Segment Start: Data below

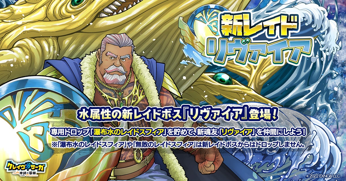 - 水属性新レイドボス「リヴァイア」が登場し、新魂友「リヴァイア」を仲間にできるキャンペーン開催
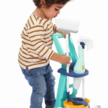 Wózek zawiera wszystkie niezbędne narzędzia do zabawy w sprzątanie, w tym miotłę, mop i ręczny odkurzacz.
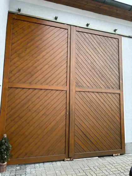 Verkaufe gebrauchte selbstgebaute Tore mit den Maßen pro Flügel: Breite 183 cm, Höhe 370 cm, inkl. Schienen. Preis pro Tor (2 Stk. vorhanden). Haus und Garten Tore /

Segment End: Data below

Requirement
Give the preceding data back exactly, minus every picture.

Exercise output
 - 水属性新レイドボス「リヴァイア」が登場し、新魂友「リヴァイア」を仲間にできるキャンペーン開催
 Wózek zawiera wszystkie niezbędne narzędzia do zabawy w sprzątanie, w tym miotłę, mop i ręczny odkurzacz.
 Verkaufe gebrauchte selbstgebaute Tore mit den Maßen pro Flügel: Breite 183 cm, Höhe 370 cm, inkl. Schienen. Preis pro Tor (2 Stk. vorhanden). Haus und Garten Tore /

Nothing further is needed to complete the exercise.